The dull acquiescence in his brown eyes provided all the answer she needed. Played right in concert with her own tortured dreams of sinking into dark water, of holding her breath. Desperate. Then finally gasping, sucking in an endless rush of cold ocean. Even awake and aware, she could still feel the cold filling her lungs,
the terror of drowning . . .
Michaela shivered. Shook it off. Appalled that Lee had seen, knew her weakness. All of which triggered her sense of frustration and fury. Damn it, she was the Director of Scientific Research, second-in-command only to Board Supervisor Kalico Aguila. The Board had appointed Michaela to the Directorship because of her iron will, her expertise in the field. To show any—
“It’s all right,” Shin interrupted her thoughts. “After all that time in Ashanti? There’re no secrets left. You can be human like the rest of us.”

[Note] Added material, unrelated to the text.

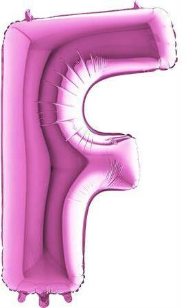 Rózsaszín lufi F betűvel. A lufi tömör fóliából készült.

“No secrets left,” she whispered in agreement. “Isn’t that the truth?”
They’d been packed together on Crew Deck after the Unreconciled had tried to seize the ship: twenty-three people jammed into four small cabins.
They’d had no privacy. Had to live cramped together—ass to armpit as the saying went. Had to endure all the trials humans inflicted upon each other in close proximity. They’d fought, formed alliances that shifted through time, hated each other, loved each other, swapped partners, squabbled and made up, and finally sorted themselves into a sort of extended family. One that tolerated each other despite the histories, jealousies, sexual complications, and remembered slights. Well, all but Dr. Anna Carrasco Gabarron. She was like the despised aunt that everyone stoically endured as a sort of cosmic punishment for his or her sins.
“You kept us sane, you know,” Shin told her. “Otherwise, we’d never have made it. You were the one who ordered us out of Deck Three. Sided with Captain Galluzzi before we could make any other choice.”
So, did that make her any less timid now that they were dirtside, alone on an empty and hostile planet in the middle of an uncharted and unknown ocean? An ocean that, if they could trust the briefings the Supervisor had given them, was full of creatures that would try to kill them?
A violent gust hit her, fluttering her coveralls, causing her to stagger. She ran a hand over the tight curls of her short black hair. “We’ll be fine. All of us, we’ve trained for this. We’re the best Solar System had to offer. Wind, waves, wildlife, we’re the experts. If anyone can make a go of it, it’s us.” A beat. “We just need to get out there, Shin. Get our hands dirty, start doing research, and everything will fall into place.”